Paul M. Jones

Don't listen to the crowd, they say "jump."

Yawp 1.2.0 Released

Yawp is "yet another web programming" foundation for PHP4 (it works in PHP5, too, but is not E_STRICT compliant). It composes a number of PEAR classes into a single encapsulating class so that you can concentrate on writing business logic, not instantiating your support objects. Yawp is a single PHP file, and uses a single .ini file for its configuration.

Among other things, Yawp lets you define "hook" scripts to execute at certain times. For example, a "start" hook runs every time you call Yawp::start(), a "stop" hook executes every time you call Yawp::stop(), and so on.

One of the issues with a "start" hook is that it runs only after the internal Yawp objects have been instantiated (DB, Auth, Log, etc). Sometimes, however, a developer will want to run scripts **before** the objects are created, perhaps in order to replace the standard Yawp objects with objects of his own. That kind of functionality was not available in Yawp 1.x and earlier without a lot of extra work.

The guys at Babel.com.au got tired of this, and one of their developers (Justin Randell) sent me a major patch to add a new kind of hook, the "prep" hook, which is now available in the new Yawp 1.2.0 release.

"Prep" hooks run almost immediately in the Yawp::start() process: right after the configuration file text is loaded, and before the first internal Yawp object is created. Thereafter, each internal Yawp object creation routine checks to see if it has already been created by a prep hook, and skips creation if so. This allows a great deal of control over the Yawp internal objects. (One note of caution: if you override a default object like Auth, make sure your overriding API matches the API expected by the Yawp static convenience methods, otherwise those convenience methods will break.)

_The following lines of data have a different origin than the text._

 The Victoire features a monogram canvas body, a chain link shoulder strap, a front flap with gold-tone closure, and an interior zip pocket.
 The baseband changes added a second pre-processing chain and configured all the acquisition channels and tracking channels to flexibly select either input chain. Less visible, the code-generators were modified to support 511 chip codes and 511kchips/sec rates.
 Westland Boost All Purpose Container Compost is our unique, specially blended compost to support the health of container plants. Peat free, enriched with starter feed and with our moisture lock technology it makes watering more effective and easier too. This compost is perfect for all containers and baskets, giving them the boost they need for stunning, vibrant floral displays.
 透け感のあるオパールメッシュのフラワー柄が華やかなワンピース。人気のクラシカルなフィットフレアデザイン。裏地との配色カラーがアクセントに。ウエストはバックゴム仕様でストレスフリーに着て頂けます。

In other news, the Yawp::getObject() method had a bug in it where, if a requested object did not exist, there was no return statement. This bug was not an issue in PHP 4.3.x and earlier, but in PHP 4.4.x (when the internals of the engine were changed somewhat) that behavior causes an error stating "only variables may be returned by reference." The fix was simple: if the object doesn't exist, return null (instead of having no return statement at all).


Solar 0.8.0 Released

(UPDATE: Fixed the broken link to Solar. Thanks, Justin Patrin.)

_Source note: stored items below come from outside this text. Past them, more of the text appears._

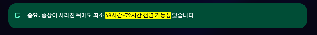 최소 48시간~72시간 전염 가능성이 있습니다.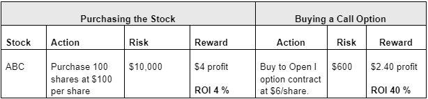 Table 1. Risk Reward Comparison. Buying to Open an option provides the Buyer with a lower risk and higher ROI than purchasing the stock.
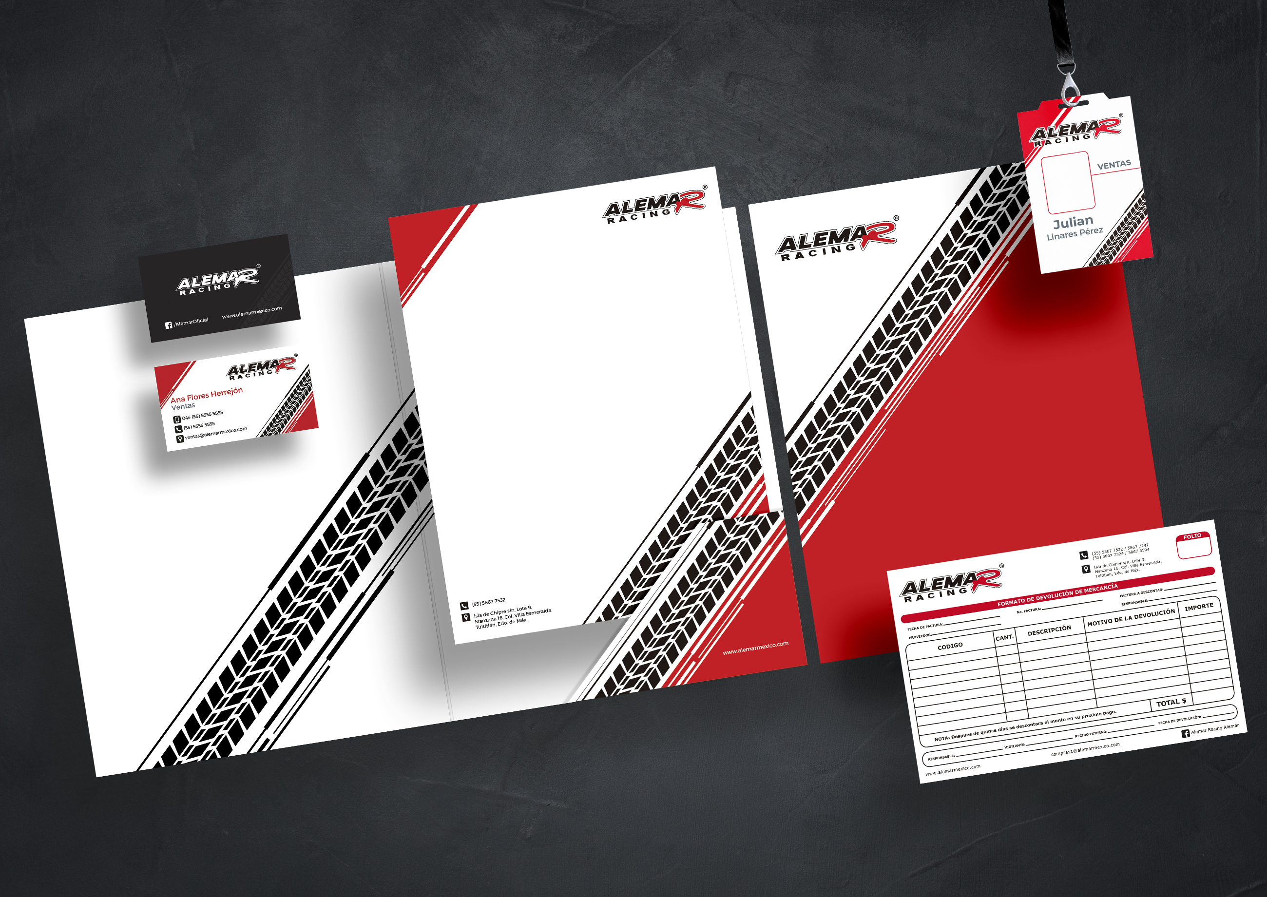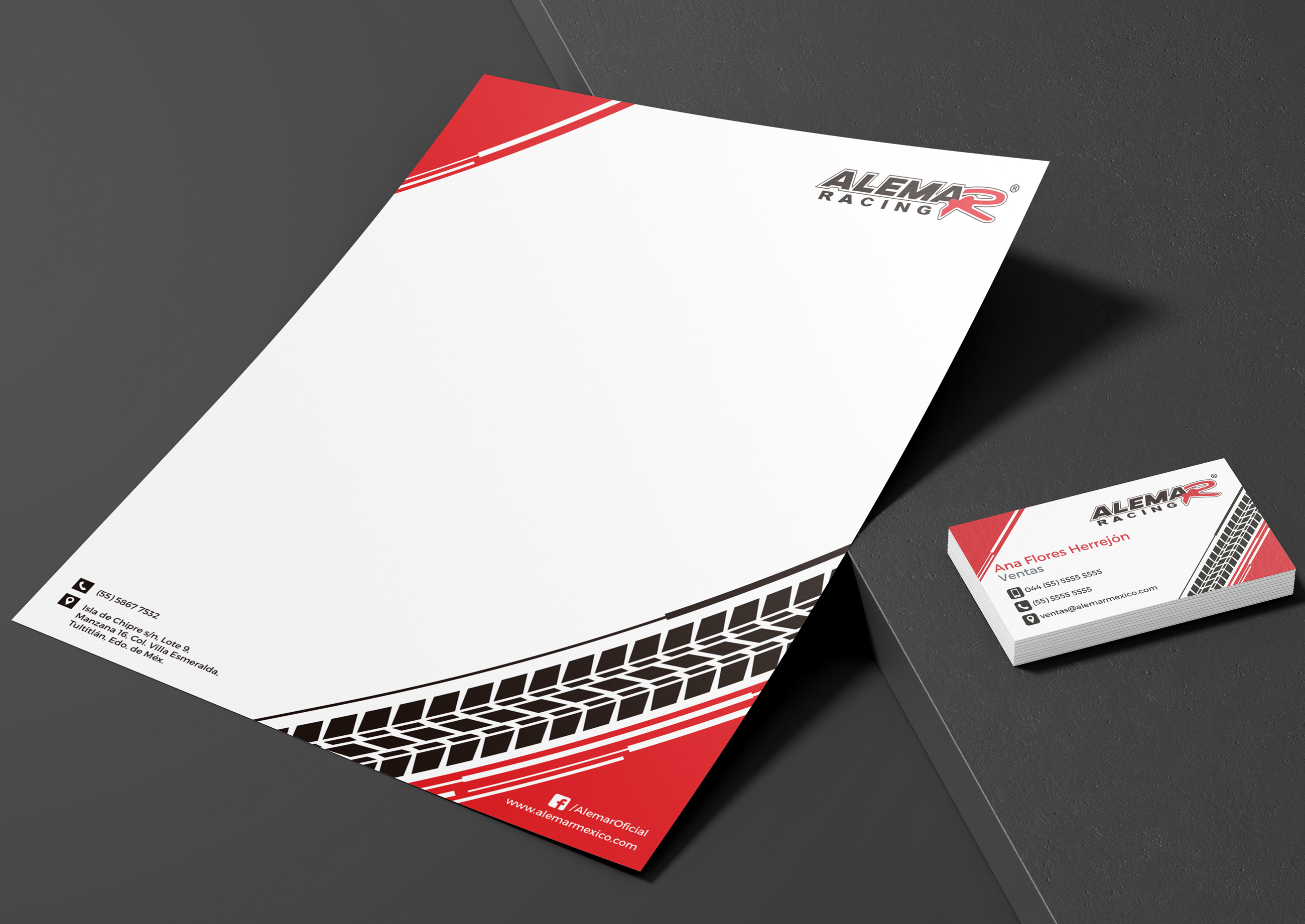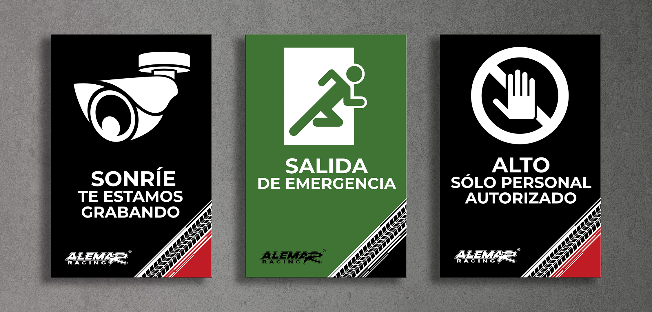 Con ALEMAR RACING tuvimos la oportunidad de trabajar en varios proyectos como la vectorización de su logotipo, creación de su manual de identidad corporativa, tarjetas de presentación y la señalética para sus instalaciones.

After *entirely* too long, I've packaged and released Solar version 0.8.0 (devel). I had wanted to release it two weeks ago, but other events demanded priority.

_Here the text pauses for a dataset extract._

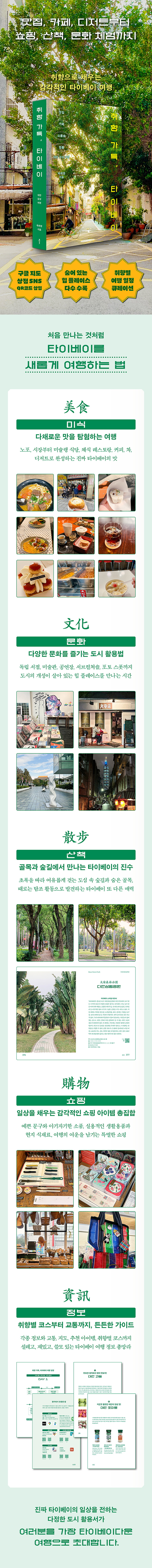 ÀÌ Ã¥Àº ÀÌ·¯ÇÑ ´Ùä·Î¿î µµ½Ã¸¦ ¡®ÃëÇ⡯À̶ó´Â Ű¿öµå·Î Å¥·¹À̼ÇÇÑ »õ·Î¿î µµ½Ã Ȱ¿ë¼´Ù. ´ë¸¸À» Áø½ÉÀ¸·Î »ç¶ûÇÏ´Â ÀúÀÚ´Â °ÅÁÖ ½ÃÀý ÀÚÁÖ Ã£´ø Àå¼Ò¿Í ¸Å³â »õ·Ó°Ô ¹ß±¼ÇÑ °÷, ÇöÁöÀο¡°Ô ¿À·§µ¿¾È »ç¶û¹Þ¾Æ ¿Â °ø°£À» °í·ç ¼Ò°³ÇÑ´Ù. ¹Ì½Ä¡¤¹®È¡¤¼îÇΡ¤»êÃ¥¡¤Èü Ç÷¹À̽º¡¤Æ÷Åä ½ºÆý µî ´Ù¾çÇÑ Å׸¶·Î ³ª´« ±¸¼ºÀº ¿©ÇàÀÚ°¡ ÀÚ½ÅÀÇ ¼Óµµ¿Í °ü½É»ç¿¡ ¸ÂÃç ŸÀ̺£À̸¦ ŽÇèÇϵµ·Ï µ½´Â´Ù. ¸ðµç Àå¼Ò¿¡´Â ±¸±Û Áöµµ¿Í »óÁ¡ ȨÆäÀÌÁö·Î ¿¬°áµÇ´Â QRÄڵ尡 ¼ö·ÏµÇ¾î Ã¥ ÇÑ ±Ç¸¸À¸·Îµµ ¿©ÇàÀÌ ÇÑÃþ Æí¸®ÇØÁø´Ù.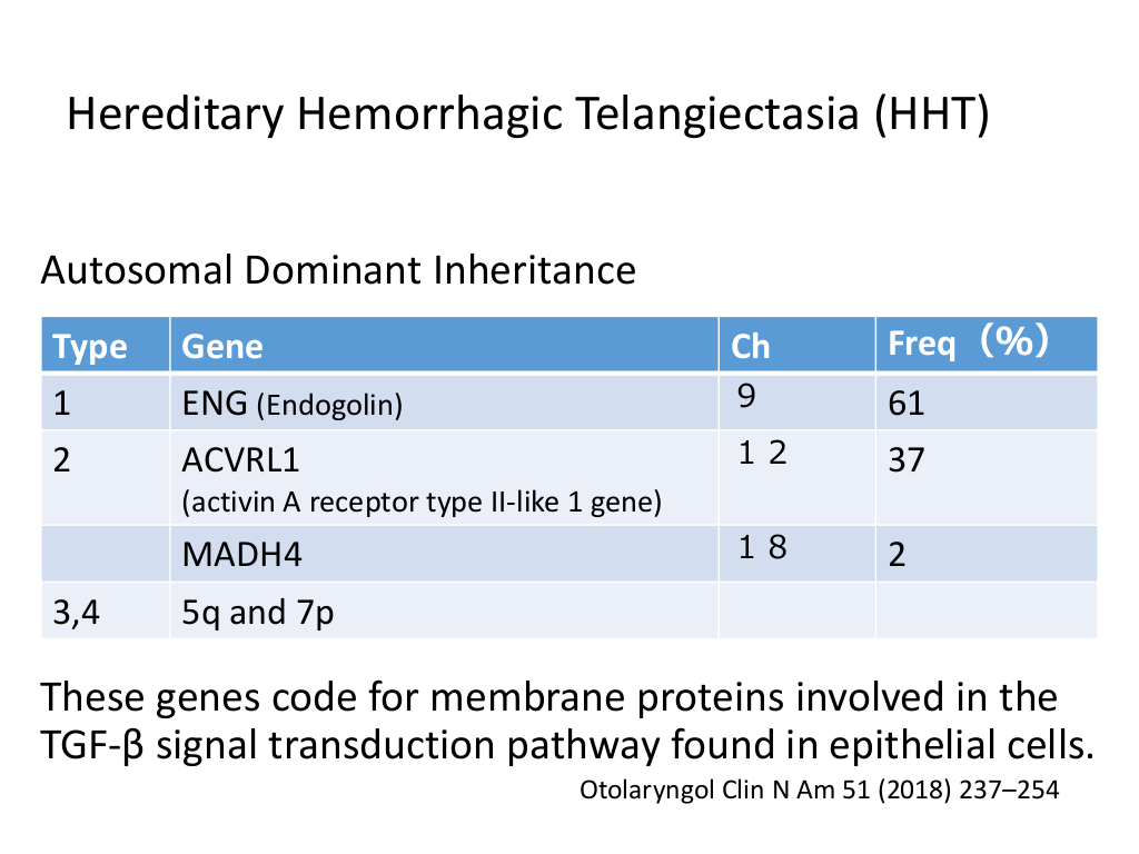 #19. Hereditary Hemorrhagic Telangiectasia (HHT) Autosomal Dominant Inheritance Type 1 Gene ENG (Endogolin) Ch Freq(%) 9 2 ACVRL1 12 61 37 18 2 (activin A receptor type II-like 1 gene) MADH4 3,4 5q and 7p These genes code for membrane proteins involved in the TGF-β signal transduction pathway found in epithelial cells. Otolaryngol Clin N Am 51 (2018) 237–254

There are lots of changes, so be sure to read the change notes before upgrading. One thing to pay attention to in particular is that I've updated the bundled Savant3 installation to beta 2, and updated the Savant3_Plugin_Form installation to 0.2.1 (dev). You can read the various Savant3 change notes at the Savant site.

You'll find the 0.8.0 release notes for Solar below; be warned, it's quite long.

* WARNING: This is a public development release, and is not yet stable.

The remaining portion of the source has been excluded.